> [WHAT THE TASK ASKS]
Could you print the listing again exactly, omitting the pictures?

--- STORED DATA Enclosed Below ---

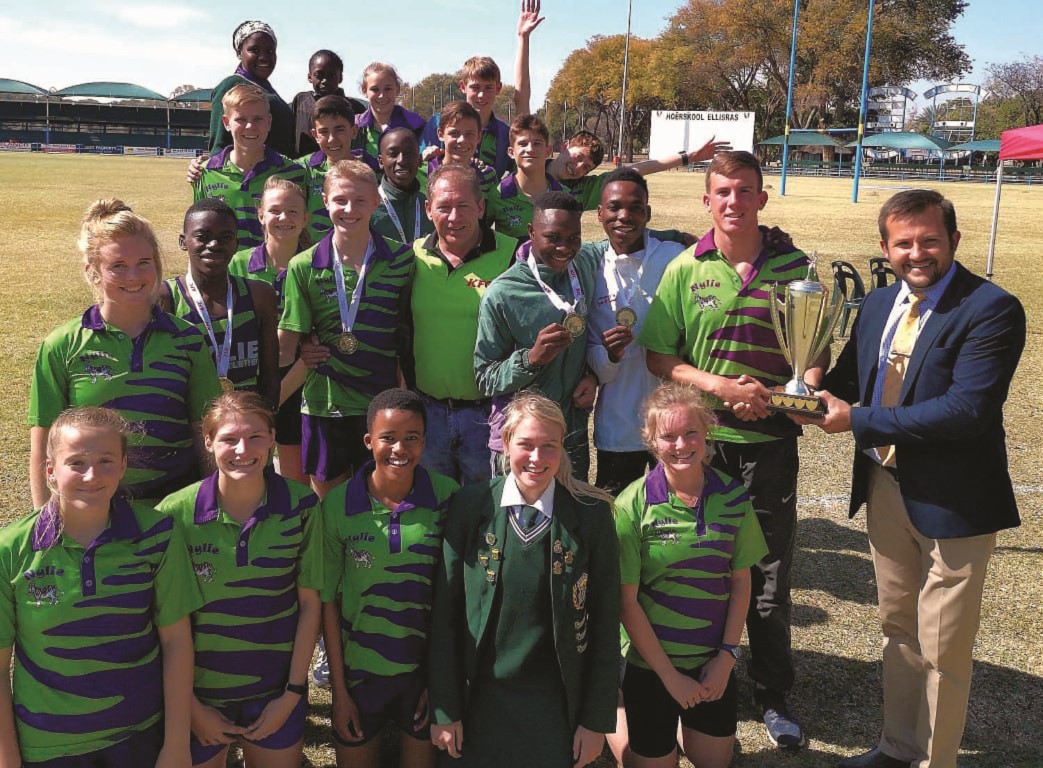 Die landloopatlete van Hoërskool Nylstroom het vir die tweede jaar in ’n ry stof in hul teenstanders se oë geskop tydens die interhoër wat op Dinsdag 31 Julie by Hoërskool Ellisras gehou is. Die senior- en juniorseunspanne het algeheel eerste plekke behaal. By die atlete is Martin Jansen van Vuuren, hul afrigter, en Adriaan Joubert, die hoof van Hoërskool Ellisras, wat die trofee oorhandig.
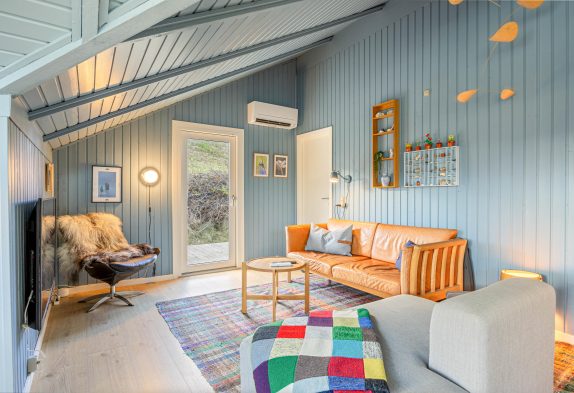 Køkkenet er godt udstyret og har både mikrobølgeovn, opvaskemaskine og fryser. Efter en frisk gåtur ved stranden kan I varme jer ved brændeovnen i stuen, som er sammenhængende med køkkenet. Desuden kan I bruge internettet i sommerhuset gratis eller hygge jer med en film på fjernsynet, som også har danske kanaler. På badeværelset er der gulvvarme, og her bliver I mødt af samme fine stil og afdæmpede farver, som i resten af sommerhuset.
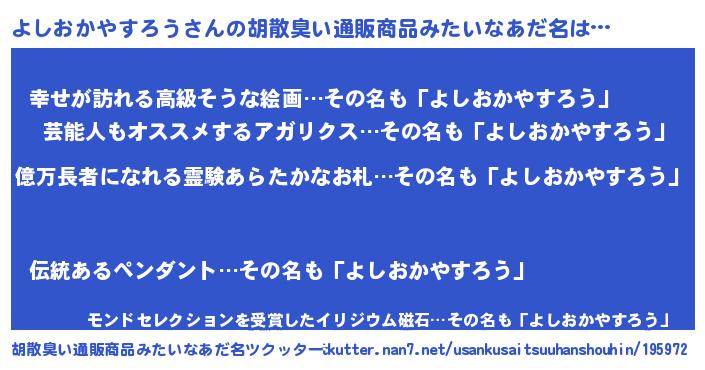 | 恥ずかしいあだ名 | 『プリティーよしおかやすろう』 |

--- End of Enclosed STORED DATA ---

> [TASK RESPONSE]
 Die landloopatlete van Hoërskool Nylstroom het vir die tweede jaar in ’n ry stof in hul teenstanders se oë geskop tydens die interhoër wat op Dinsdag 31 Julie by Hoërskool Ellisras gehou is. Die senior- en juniorseunspanne het algeheel eerste plekke behaal. By die atlete is Martin Jansen van Vuuren, hul afrigter, en Adriaan Joubert, die hoof van Hoërskool Ellisras, wat die trofee oorhandig.
 Køkkenet er godt udstyret og har både mikrobølgeovn, opvaskemaskine og fryser. Efter en frisk gåtur ved stranden kan I varme jer ved brændeovnen i stuen, som er sammenhængende med køkkenet. Desuden kan I bruge internettet i sommerhuset gratis eller hygge jer med en film på fjernsynet, som også har danske kanaler. På badeværelset er der gulvvarme, og her bliver I mødt af samme fine stil og afdæmpede farver, som i resten af sommerhuset.
 | 恥ずかしいあだ名 | 『プリティーよしおかやすろう』 |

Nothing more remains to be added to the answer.